● **Work instruction**
Line by line, give the data again exactly as it appears, but without pictures.

● **Information shown**
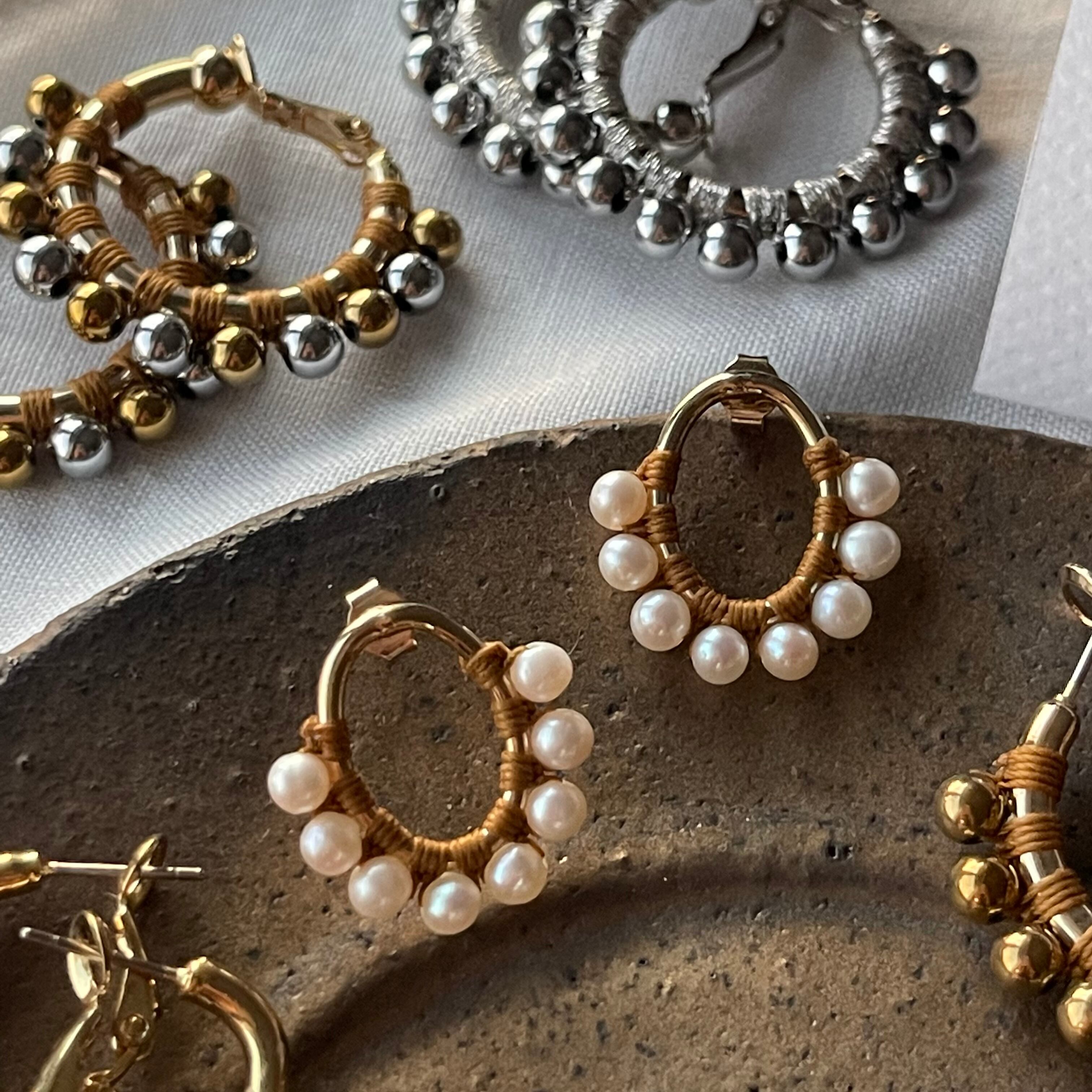 卒入学式シーズンや、普段使いに何かと合わせ易い定番パールでクラッシック&レトロなお洋服との相性も良いです
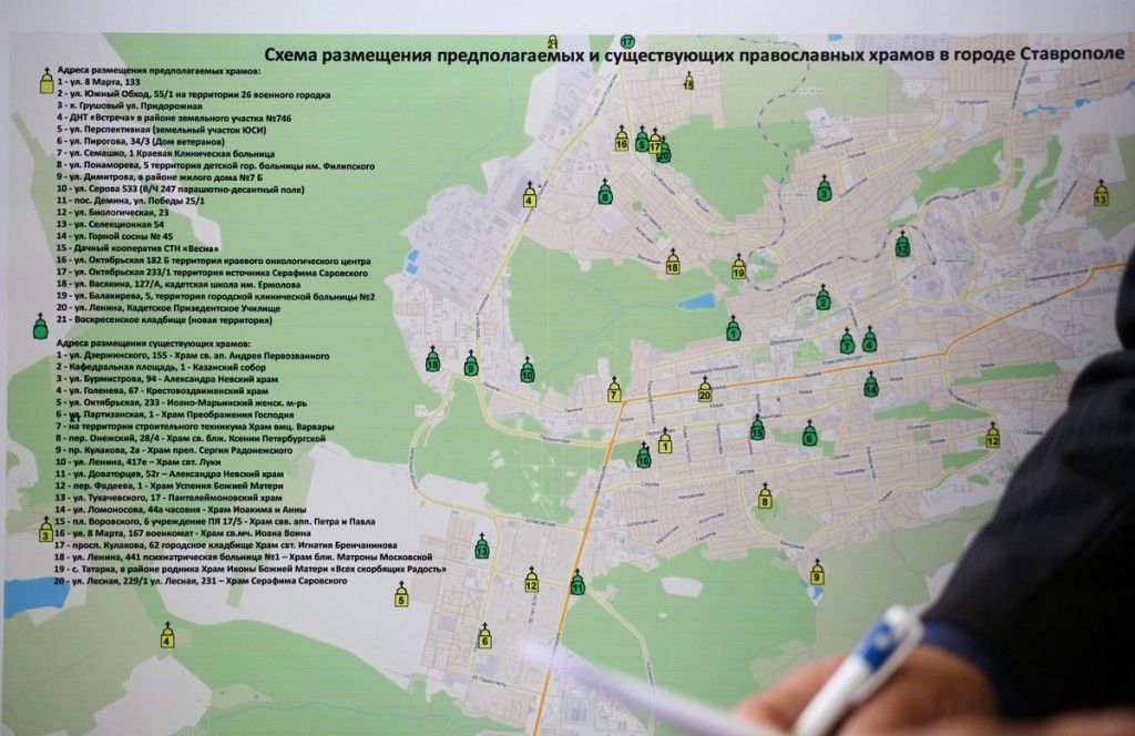 На встрече 15 апреля митрополит Ставропольский и Невинномысский Кирилл обсудил главой администрации краевого центра Андреем Джатдоевым механизм реализации епархиального проекта «20-20». В рамках него до 2020 года в Ставрополе планируется построить 20 новых храмов.
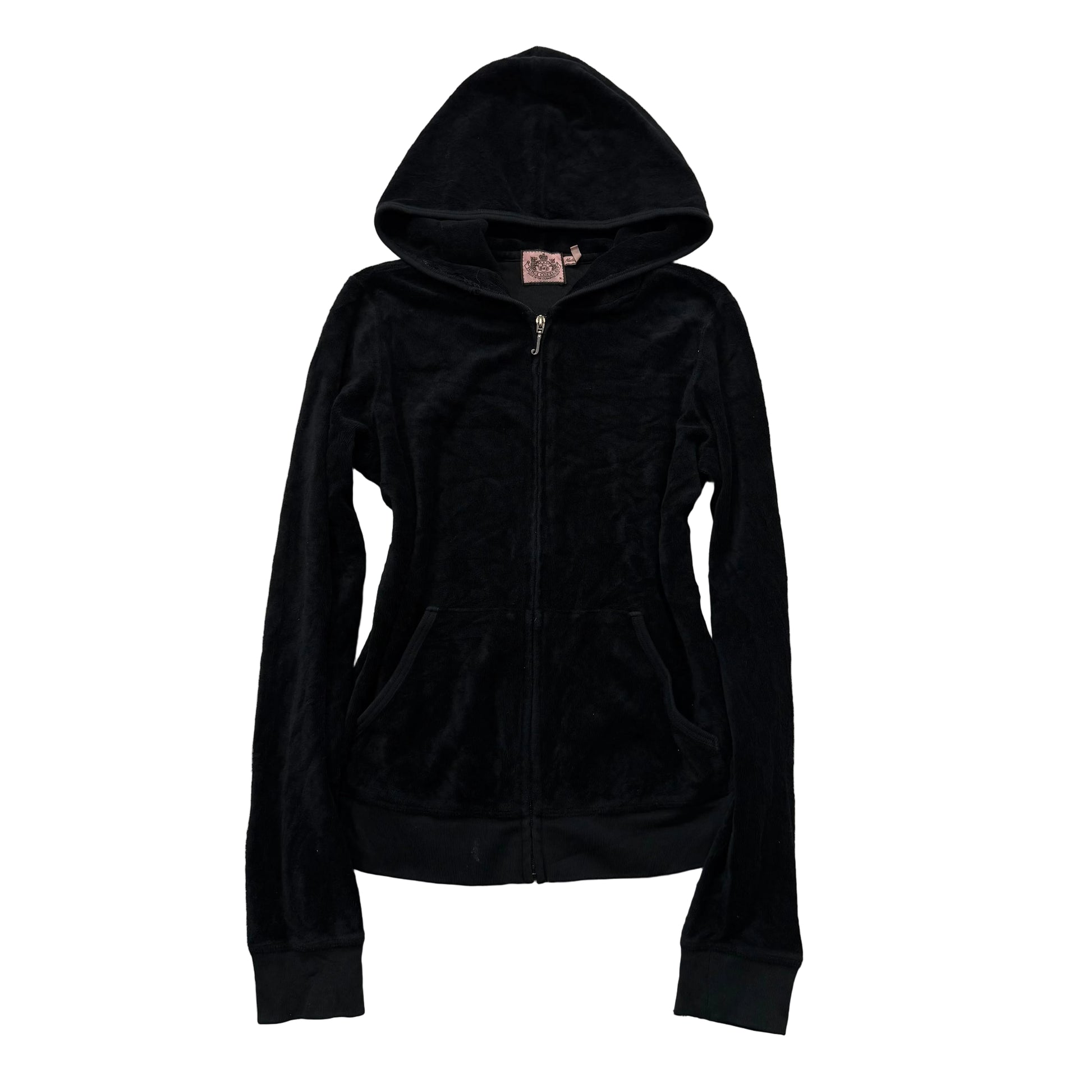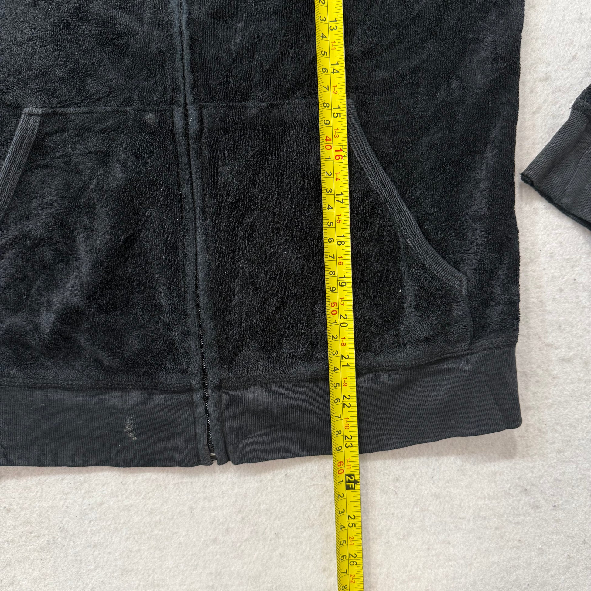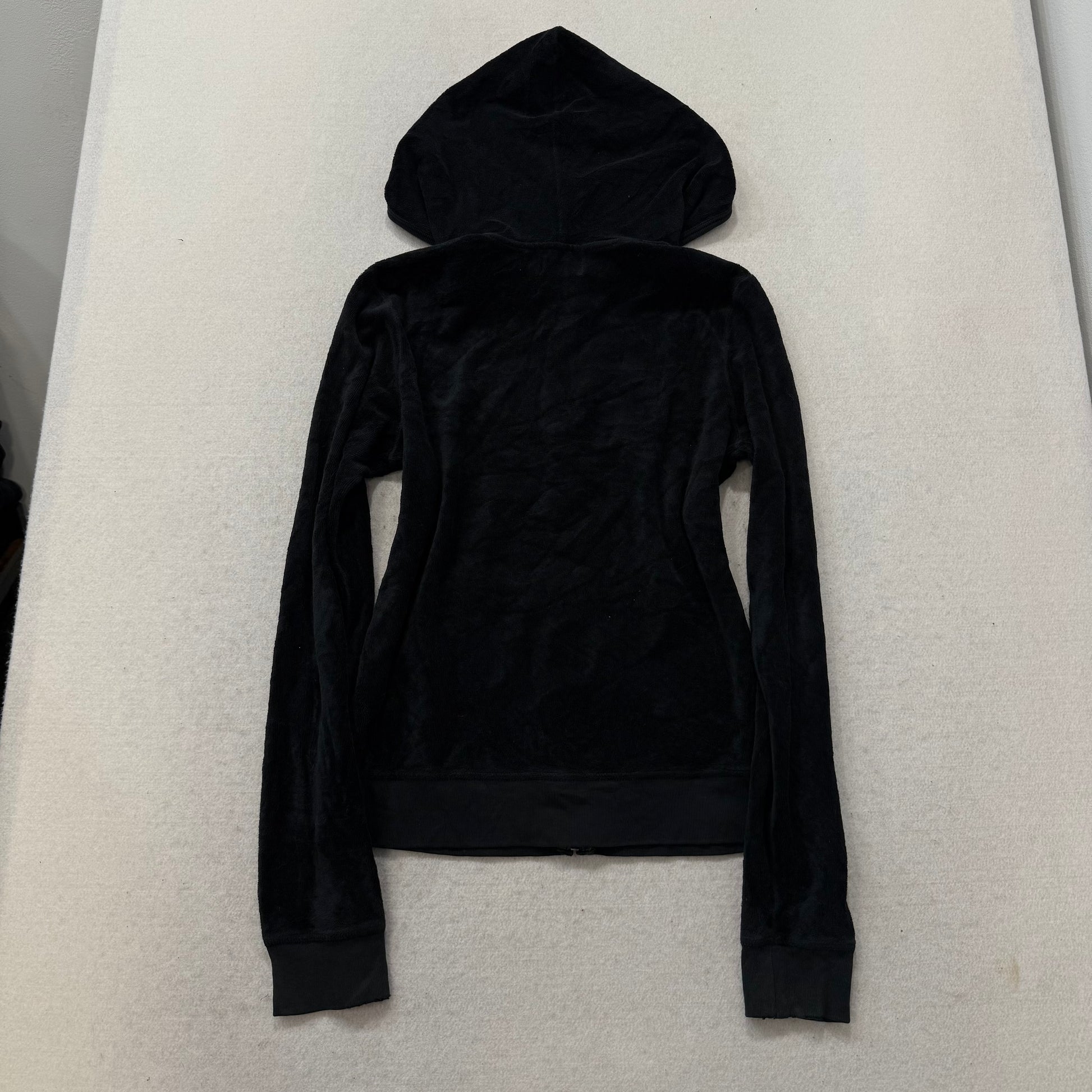 Juicy Couture Womens Black Terrycloth Zip Up Hoodie Split Kangaroo Pocket Size M

● **Answer to this problem**
 卒入学式シーズンや、普段使いに何かと合わせ易い定番パールでクラッシック&レトロなお洋服との相性も良いです
 На встрече 15 апреля митрополит Ставропольский и Невинномысский Кирилл обсудил главой администрации краевого центра Андреем Джатдоевым механизм реализации епархиального проекта «20-20». В рамках него до 2020 года в Ставрополе планируется построить 20 новых храмов.
 Juicy Couture Womens Black Terrycloth Zip Up Hoodie Split Kangaroo Pocket Size M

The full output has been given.